The cnidarians and ctenophores are among the simplest of the multicellular organisms that have cells organized into tissues. Cnidarians comprise the phylum Cnidaria and include such animals as corals, jellyfish, hydras, and sea anemones. The largest species is the arctic jellyfish—7 feet (2.1 meters) across with tentacles 100 feet (30 meters) long—and the smallest are the individual polyps of some coral colonies, most of which are less than one inch (2.5 centimeters) in diameter. Most cnidarians are marine animals, although there are a few freshwater species. Scientists have identified about 10,000 species of cnidarians, and they are probably the most common macroscopic marine animals, especially in tropical and subtropical coastal waters.
Scientists have described about 100 species of ctenophores, which make up the phylum Ctenophora. All of them live in the sea and most drift about with the ocean current.

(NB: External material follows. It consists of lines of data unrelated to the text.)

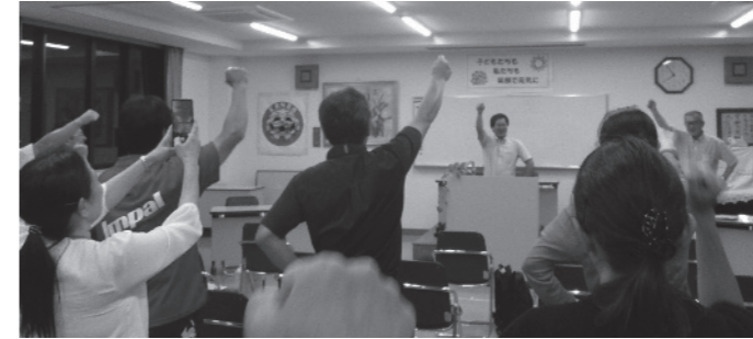
甘楽地区定期総会
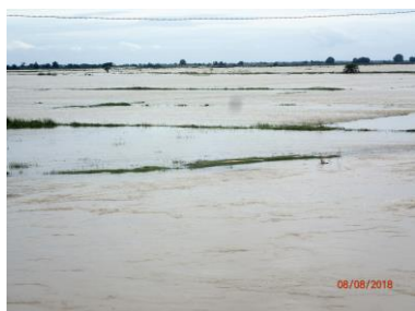
Inondation des rizières
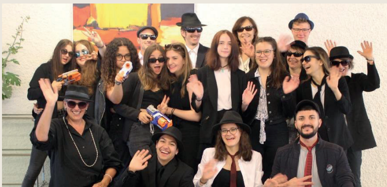
Mottotage: Blues Brothers im Palottis
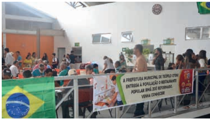
O restaurante popular "Irmã Zoé" foi reformado e reestruturado
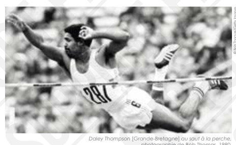
Daley Thompson [Grande-Bretagne] au saut à la perche, 1980.

Pratique gymnique privilégiant la technique, le saut à la perche devient une épreuve des concours athlétiques dans les années 1860 aux États-Unis. Un saut à 3,30 mètres donne la victoire à William Hoyt aux Jeux Olympiques 1896. Après une course d'élan, la réception se fait sur du sable, puis plus tard sur un tapis en mousse. Les records sont tributaires des innovations concernant les techniques de saut et de la technologie des perches. En 1985, Sergueï Bubka sera le premier à franchir une barre à six mètres, cinq ans après les Jeux Olympiques polémiques de 1980.
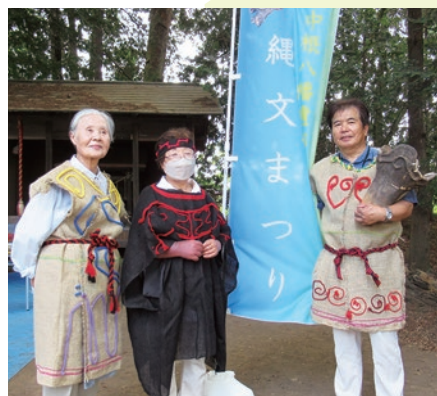
▲縄文時代の再現衣装。とてもお似合いです！

藤岡地域の中根八幡遺跡では、國學院大學栃木短期大学と奈良大学が共同で発掘調査を行っています。9年目となる今回は、発掘調査の現地説明会に加え、縄文時代を体験できる「縄文まつり」が開催されました。石器で肉を切り土器で煮込んだ縄文なべの試食や、縄文時代の音楽や土器の文様付けの体験、縄文時代の服を再現した試着コーナーなど、参加者の皆さんは思い思いに縄文時代を楽しんでいました。
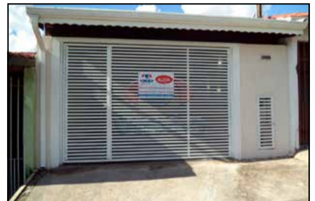
ref. site 301181 - Jardim Morada do Sol - 2 dormt/ sala/ coz/ WC/lavand /2 gar cobertas.R$1.250,00 + IPTU
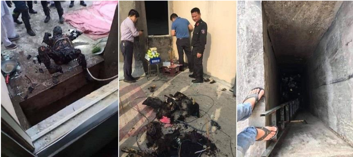
Hình 5 - Thi thể của 3 cảnh sát và hố kỹ thuật.
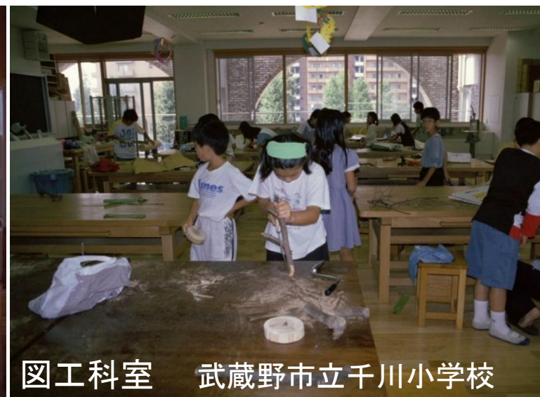
図工科室 武蔵野市立千川小学校
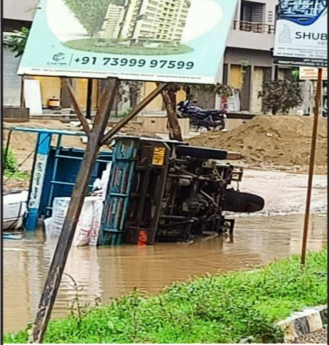
ગાંધીનગર ના સરગાસણ (ઉવારસદ) મા આવેલી શરણ રેસીડેન્સી થી સ્વાગત ફ્લેમિંગો જવાનો માર્ગ અત્યંત કચળી ગયેલ છે. ઊંચાઈ હાલત વાળા માંગિમાં અનેક સ્થળોએ નાના મોટા ખાડા પડી જવા ને કારણે વખતોવખત દ્વિચક્રી વાહનો વાળા ગબડી પડતા હોવાના બનાવો પણ બનતા હોય છે. આજે પણ એક છકડો રીક્ષા પાછી ભરેલા ખાડામાં પલટી મારી ગઈ હતી. આ માર્ગનું સમારકામ તાત્કાલિક ધોરણે હાથ ધરવામાં આવે તેવી માંગ આસપાસના વિસ્તારો માં વસતા વસાહતીઓ દ્વારા ઉઠવા પામી છે.
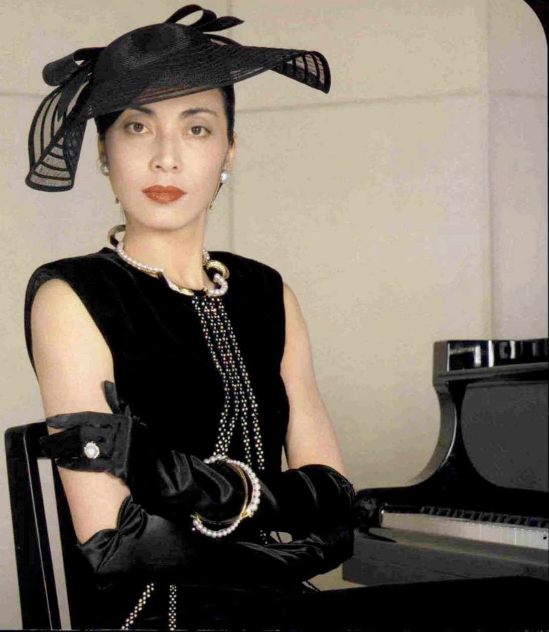
PEARL FANTASY & REY ASAMI
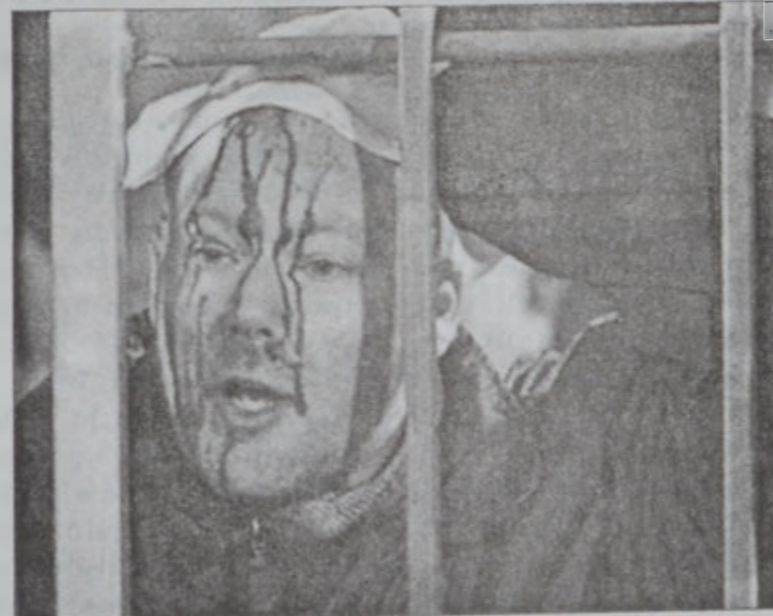
Վիրաւոր անգլիացի համակիր մը արիւնուայ վիճակի մէջ

րագուայի դիրքը: Վարագուայի մէջ տեղի ունեցած մրցումին, հիւր կազմը իր կոլը նշանակեց 30րդ վայրկեանին: Սթոքհոլմի մէջ, Շուէտ դժուարութեամբ 1 - 1 արդիւնքով հաւասարութիւն մը արձանագրեց իր հիրին՝ Հունգարիոյ հետ, երբ
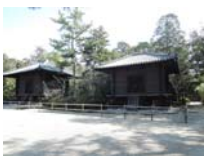
0041_入口から高床まで
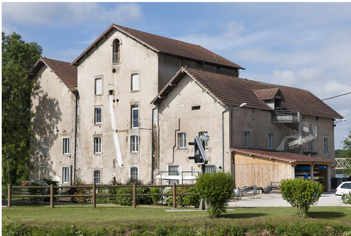
Murs-pignons est vus de trois quarts droite.
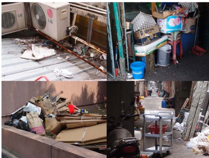
图 1 恶劣的环境卫生为老鼠提供食物及栖息地

控鼠方法的选择很有限，有时更需要同时使用不同方法。要有效对付鼠患，操作员要确保控制工作有周详计划，及妥善执行。
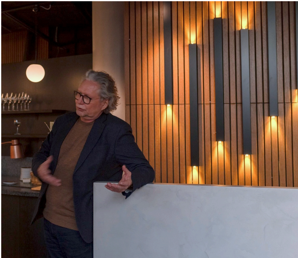
Klubbens 136 år firades på restaurang Dagmar 06.03. Vi var 12 inklusive en gäst från Yrkeshögskolan Novia, Bildkonstnär Lars Rebers.

General structure of cnidarians
The cnidarians have two layers of cells that surround a tubular body cavity, with an opening at one end forming a mouth, and no specialized tissues for breathing or elimination of wastes.
Hydrozoans
The class Hydrozoa has about 3,000, most of which live in salt water. Some hydrozoans, such as the common Hydra, live in fresh water. In most hydrozoans, symbiotic algae called zoochlorellae live in the gastrodermal cells of the body walls and give hydrozoans their characteristic green coloring.
Jellyfish
Jellyfish (class Scyphozoa) consist of a swimming bell fringed by tentacles, with a four-cornered mouth on the underside. Around the mouth are four trailing arms, which, like the tentacles, are well supplied with nematocysts. Jellyfish swim by contracting and releasing a ring of muscle cells. Balancing organs called statocysts and simple light receptors around the edge of the bell help jellyfish remain upright. As their common name suggests, they contain large amounts of jellylike mesogloea, which helps to control buoyancy and also acts as an elastic support for the body.
Sea anemones and corals
The sea anemones and corals of the class An-thozoa (flower animals) have a polyp stage only. These polyps are often large and complex, with the coelenteron divided by partitions, or septa. Many sea anemones have large attachment disks and thick, leathery bodies, which allow them to survive on rocks that are exposed to the air at low tide.
Ctenophores
Ctenophores, or comb bearers, share several characteristics with cnidarians. They are radially symmetrical, jellylike, and composed of two layers of cells. But the cnidarians’ medu-soid shape has been adopted and modified into a sphere or oval. Ctenophores get their name from their comb plates, which form from fused cilia. There are two classes of ctenophores: those with tentacles, such as the most common form, the sea gooseberry, and those without. These animals are usually found drifting among plankton, and many are luminescent. They swim through the water by beating their comb plates consecutively from the head to the tail. Ctenophores catch their prey using sticky “lasso cells,” called colloblasts. Colloblasts have a similar function to that of nematocysts in cnidarians.